Heat treatment and additive manufacturing techniques to improve sheet metal formability

Advanced high strength steel sheets (AHSS) are increasingly used in the automobile industry to increase crash safety and fuel efficiency. However, AHSS typically exhibit lower global and local formability. Global formability is usually represented by forming limit diagrams (FLD). The local formability or stretch flangeability (which represents the resistance to edge cracking under edge stretching conditions in stampings) is determined by hole expansion testing with the results indicated as hole expansion ratios (HER). Some categories of AHSS exhibit good global formability but poor local or stretch formability (poor stretch flangeability leading to edge cracking). In hole expansion testing, a standard specimen with a 10 mm diameter hole is expanded using a conical punch till the onset of cracking and the percentage increase in hole diameter is referred to as the hole expansion ratio. One potential solution is to locally modify the microstructure using localized application of heat sources or by local thickening of the vulnerable areas of the sheet by the deposition of metal powders using additive manufacturing techniques. Previous research at IIT Madras has shown that local heat treatment of hole edges using a micro plasma torch can improve hole expansion ratios in a dual phase (DP 980) steel. The HER can also be improved by local reinforcement of the hole edges by local deposition of reinforcement layers using additive manufacturing (AM) techniques.
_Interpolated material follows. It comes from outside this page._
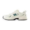 Scarpe New Balance 530 da bambino in colorazione bianco e verde con dettagli su tutto l'articolo e classico logo del brand posto lateralmente in contrasto di colore. Modello con chiusura con stringhe, intersuola ABZORB per attutire impatti e suola in gomma. Tomaia in Tessuto e Similpelle.
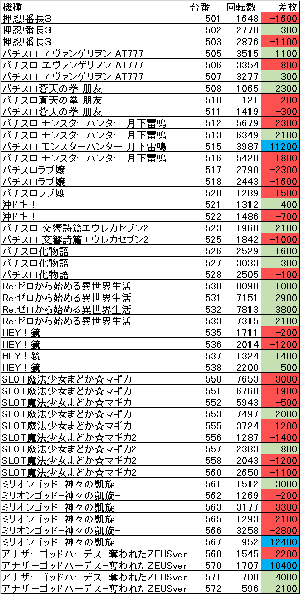 朝から人気だった機種は『SLOT魔法少女まどか☆マギカ』、『SLOT魔法少女まどか☆マギカ2』、『Re:ゼロから始める異世界生活』、『パチスロ モンスターハンター 月下雷鳴』、『押忍!番長3』でした。

In this project, the main objective is to investigate potential improvements in formability of sheet steel using experimental and finite element analysis (FEA). The methodology will involve identification of local heat treatment or AM techniques (AM processes as well as processing parameters) for specific low ductility AHSS steel grades combined with local microstructure analysis to link microstructure modification and/or local strengthening to material forming limits and failure modes in both hole expansion and global formability testing. The FEA will involve development of finite element models that incorporate the influence of microstructure modification/ local strengthening on the prediction of forming and fracture behavior.